The Center for Humane Technology, led by Tristram Harris, was featured in the documentary The Social Dilemma. The Center has created a stark ledger of harms to youth which includes addiction, academic distraction, physical alteration to their brains, impairment of sleep, destruction to relationships, increased risk of anxiety and depression, risk of cyberbullying and exposure to sexual content. Its podcast Your Undivided Attention is a great source of information and discussion in this area. The publications and broadcasts of American social psychologist Jonathan Haidt have also raised awareness of the harms to teenage mental health posed by excessive social media use, particularly in young teenage girls. Books covering the topic such as Be the Parent, Please by Naomi Shaefer Riley have started to become more mainstream and more widely read. The youth mental health crisis in the United States is mirrored closer to home in the UK. The tireless work of Baroness Beeban Kidron and the 5 Rights Campaign in getting the UK’s Age-Appropriate Design Code into play and continuing to push for the Online Safety Bill to be passed is tackling the problem at governmental level.
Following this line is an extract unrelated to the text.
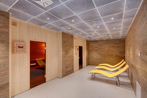 Płyty Knauf AMF z nadrukiem kropli wody w hotelu Słoneczny Zdrój, Busko-Zdrój

Jersey faces the same problems. The statistics which show how our local teenagers are faring make for concerning reading. The Jersey People and Young Person’s survey 2021 (published in March 2022) shows that nearly a quarter (23.5%) of pupils in years 4 and 6 spend 5 or more hours a day on screens (TV, computer games, games console use and social media). Social network exposure has doubled for year 6 children since 2019’s survey results. One in eight children used social media every day in 2019 but now it is one in four.
The percentage of children in that “5 hours or more” bracket for screen time steadily increases as you move through secondary school and it stands at 42% for the island’s year 12 students. In addition, a quarter of our year 10 and 12 students had less than 5 hours sleep the night before the survey. Statistics Jersey also states elsewhere in its report that “nearly half (46%) of pupils with low self-esteem had spent more than 5 hours in screen-based activity.”
The most powerful first step we can take as parents is to increase the conversation, level of understanding and awareness around screentime. Including our children in that conversation at an early juncture is crucial. A comprehensive and broad digital literacy education offering for all children throughout their childhood will give our community the best chance of limiting the harm which this technology has the potential to cause. That education needs to help children understand not just the mechanics of staying safe online but also what a responsible digital citizen looks like. As John F Kennedy said over 60 years ago, “Technology has no conscience of its own. Whether it will become a force for good or ill depends on man.” We can equip ourselves and our children with an understanding of the impact this technology has upon us. We have the tools to protect ourselves and the next generation from its potential harm. As Tristram Hunt of the Center for Humane Technology puts it “this technology has put a spell on us and it’s not real and it’s time we snapped out of it and said this normal doesn’t have to be normal.” I believe that we, as parents, have the capability to teach ourselves and our children how this new technology can be harnessed to help us rather than harm us.